Многочисленное войско, которое Сабран содержал ради возможности оставаться на одном уровнем с тремя другими герцогами, неуклонно уменьшалось. Его значимость как аристократа в глазах соседних королевств постепенно уменьшалась, а в самом Кардагране кто-то и вовсе осмелился распускать о нём дурные слухи.

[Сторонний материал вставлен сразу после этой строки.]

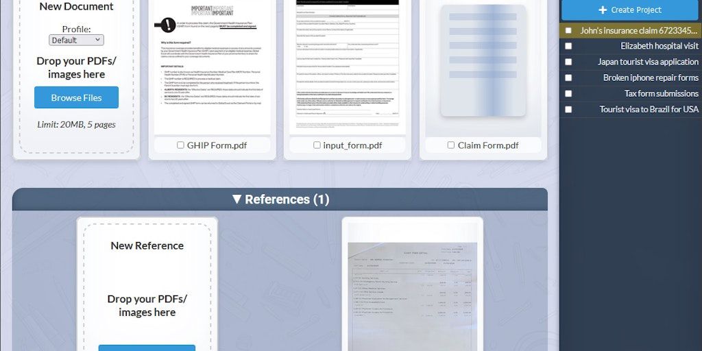 Docamine is an online tool to ease the pain of filling out PDFs/image documents without labeled fields using AI. Upload reference docs, reuse forms, organize documents into projects, draw signatures,
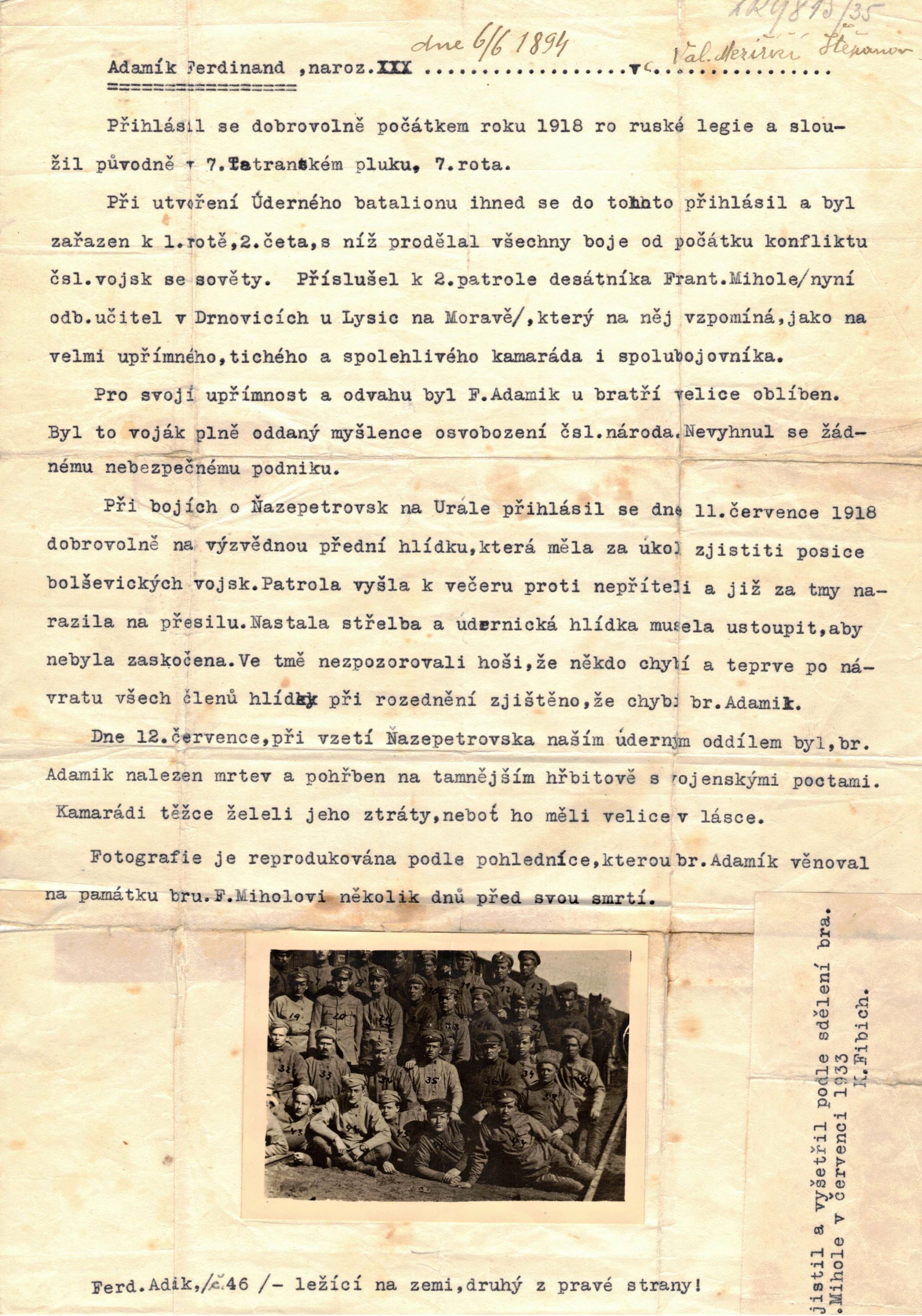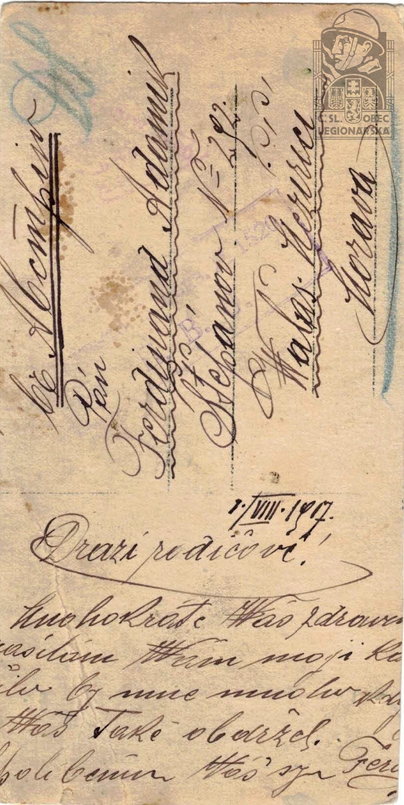 Jednotka v době zařazení:7.stř.pl. ( Čs. legie v Rusku )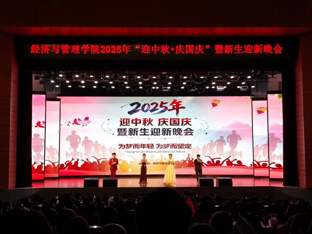 金秋送爽,双节临门。9月29日晚,经济与管理学院2025年“迎中秋·庆国庆”暨新生迎新晚会在东风校区大礼堂隆重举行。学院2025级新生辅导员、朋辈导师们和全体新生齐聚一堂,在璀璨灯光中共庆双节,在青春旋律中开启新篇。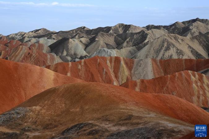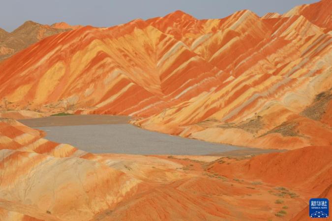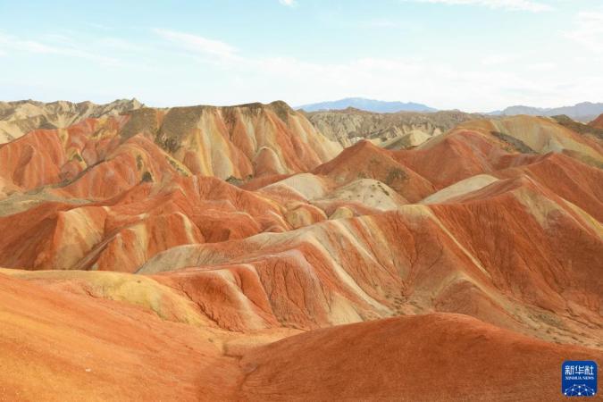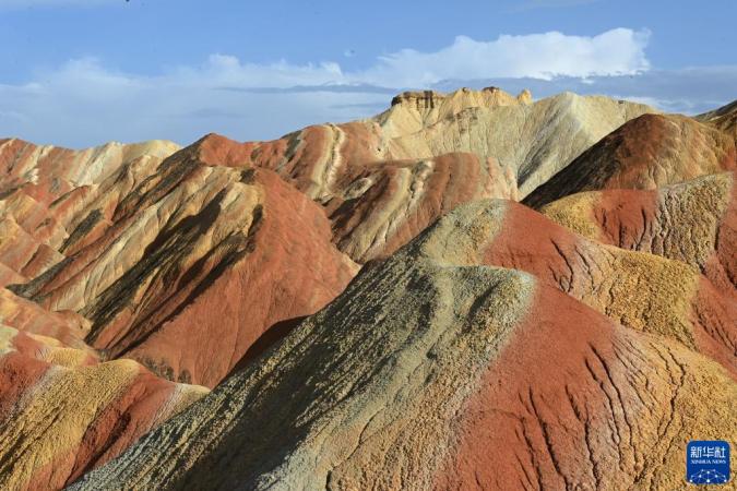盛夏时节,甘肃省张掖市七彩丹霞景区在蓝天白云的映衬下气势磅礴,色彩艳丽。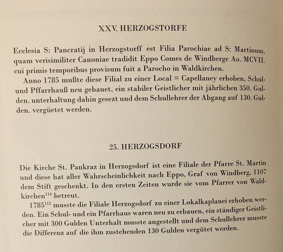 Die Kapelle war damals in einem derart verwahrlosten Zustand, dass Pfarrer Braun an den Probst des Stiftes Florian schrieb, er werde jedes Mal, wenn er in Herzogsdorf eine Messe feiere, "munklert" (übelriechend). Pfarrer Praun blieb nur zwei Jahre.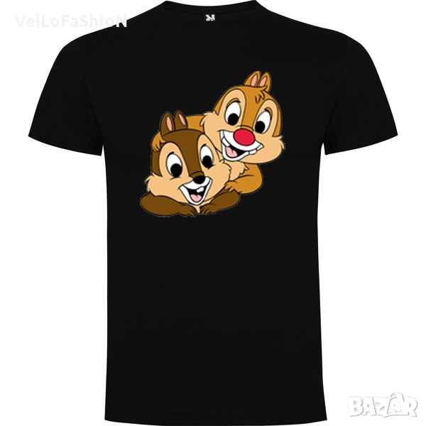 Новa детска тениска в зелен или черен цвят с с катериците Чип и Дейл, произведена от 100% памук с плътност на тениската 190гр./м². Тениската е с тънко деколте съдържащо ликра за по-добра здравина при обличане. Подходяща както за ежедневна употреба, така и за спорт или тренировка в свободното време.
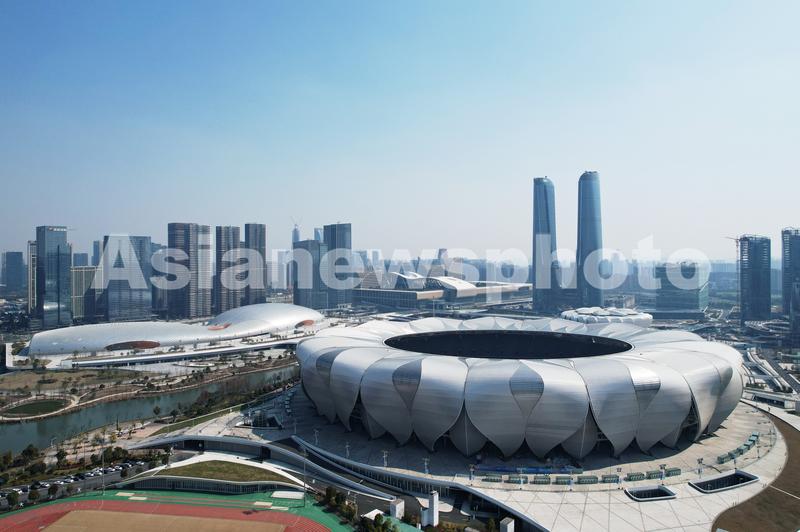 2022年2月21日,从空中俯瞰2022亚运会主会场杭州奥林匹克体育中心。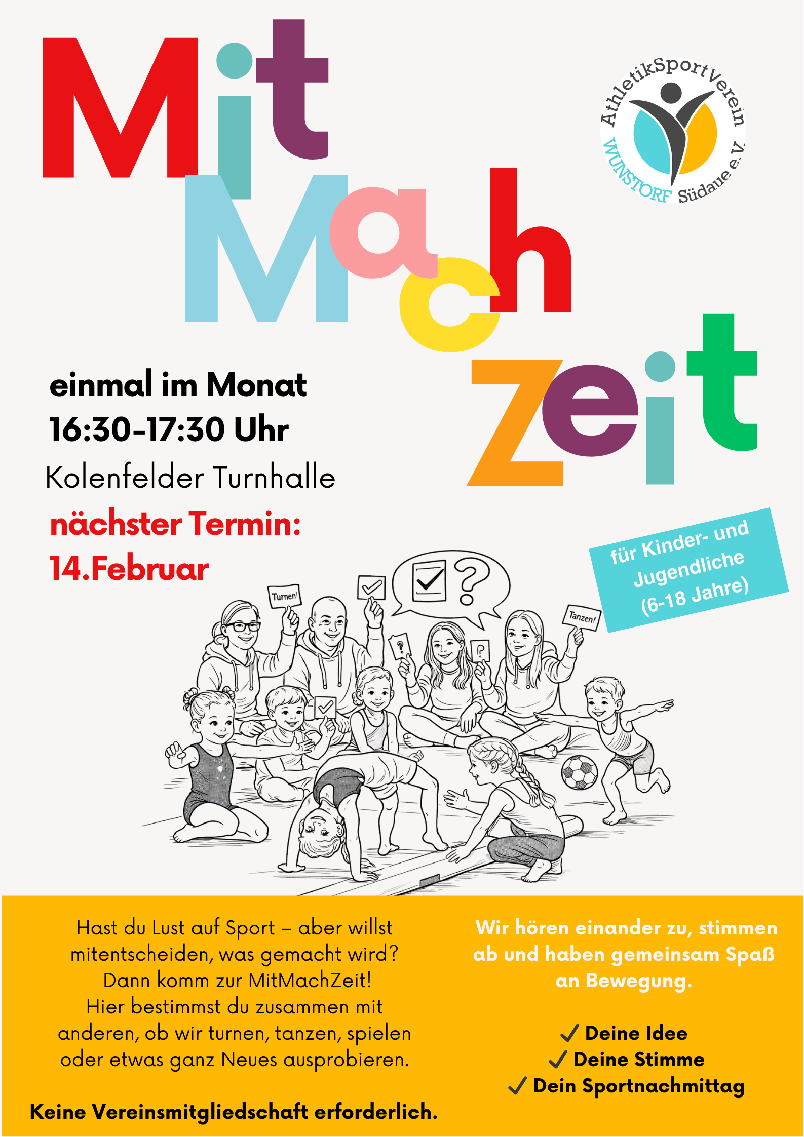 Erste „MitMachZeit“ begeistert Kinder und Jugendliche – Demokratiebildung trifft Bewegung Am Samstag, den 31. Januar 2026, fand beim Athletiksportverein Wunstorf...weiterlesen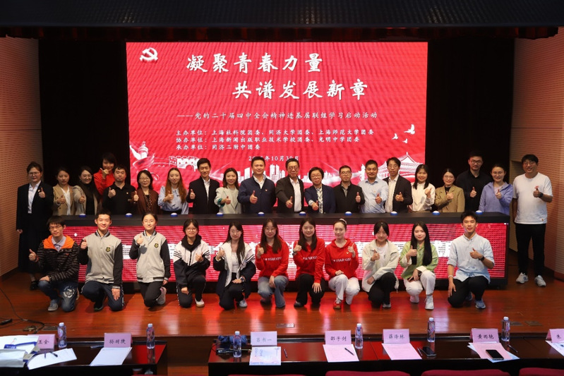 10月30日,由上海社会科学院团委、同济大学团委与上海师范大学团委主办,上海新闻出版职业技术学校团委、光明中学团委协办,同济大学第二附属中学团委承办的“凝聚青春力量 共谱发展新章——党的二十届四中全会精神进基层联组学习”首场启动仪式在同济二附中举行。团市委宣传与网络工作部、学校工作部代表出席活动。

Двигаясь за следопытами по кровавому следу, оставшемуся от поражённого стрелой оленя, Клавдий с каждым шагом своего коня всё сильнее пропитывался злобой к высокомерной выскочке Людвигу Мидчелу, а также прилюдно осмеявшему его Альфонсо Кардаграну. Как мог король так нелестно отзываться о том, кто вместо плодородных земель, положенных ему за доблесть в бою, получил лишь выжженные хутора, толпы бандитов в своих лесах да высокие налоги?! Пусть титул герцога и компенсировал часть тягот, но точно не позволял королю вот так по-свински осмеивать его. Да ещё и перед кем? Перед каким-то безродным дерзким дворовым псом, что за неимением войска сам, как последняя глупая гончая, безрассудно кидается в бой.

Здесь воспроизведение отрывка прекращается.